Thousands of women across Latin America on Wednesday took to the streets to demand an end to sexual harassment and violence in a region where crime against women is rife and often steeped in traditional culture.
“March 8: If you stop a woman, you stop the world,” said a banner at a rally in Montevideo that attracted tens of thousands of protesters marking International Women’s Day.
The gathering extended 1.5km along 18 de Julio Avenue, with demonstrators calling for an end to violence against women and equal rights.
Photo: AP
“Sorry to bother, but we’re being killed,” a handwritten message on a cardboard placard said.
Every 30 hours, a woman in Argentina is killed by her male partner or ex-partner.
“Enough already! We want each other alive,” read signs in purple lettering waved by the thousands who jammed the Plaza de Mayo in front of Argentina’s presidential palace.
Photo: AFP
Purple is the symbol of the movement against gender-based violence.

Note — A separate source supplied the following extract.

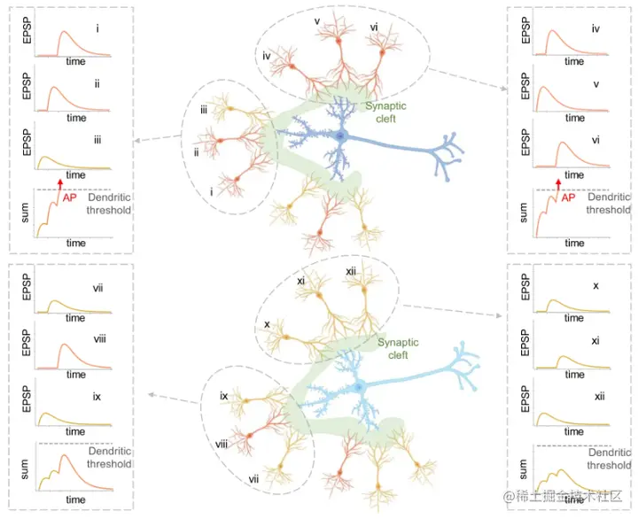 克服这一限制可能是使人工网络的性能更接近动物智能的关键。突触整合是神经元在产生动作电位 (AP) 之前结合数千个突触前神经元接收到的尖峰序列的过程。轴突 AP 在细胞的轴突中被引出,作为对从细胞树突接收到的输入的响应,并充当神经元的整体输出信号。

Demonstrators were mostly dressed in black to signify mourning.
Violence against women is part of long-held traditions in many of South America’s Andean nations and is also pervasive in countries such as Argentina and Uruguay.
Even in better-off cities across the region, women who go to police stations bruised and battered to report domestic violence are told to go home and make up.
Half of the 25 countries with the largest number of women killed are in Latin America, according to UN Women, a body that supports gender equality and the empowerment of women.
In Mexico City, thousands of women filled the vast Paseo de la Reforma.
“We don’t want flowers. We want rights,” they chanted. “Being a woman should not be a risk factor.”
Mexican women say they are constantly beset by unwanted sexual talk on the streets and often groped by strangers.
The region’s only current female national leader, Chilean President Michele Bachelet, said on Twitter that “we renew our commitment to more rights, opportunities and an end to violence.”
Brazilian President Michel Temer sparked a media firestorm on International Women’s Day, saying that women are really good at food shopping, price tracking and budgeting.
Temer then said that if children grew up successfully, it was because they were raised right at home.
“And certainly, that isn’t done by the man. It’s the woman,” Temer said.
People took to Twitter to criticize the politician.
“Somebody tell Temer that we are in the 21st century now,” one netizen said.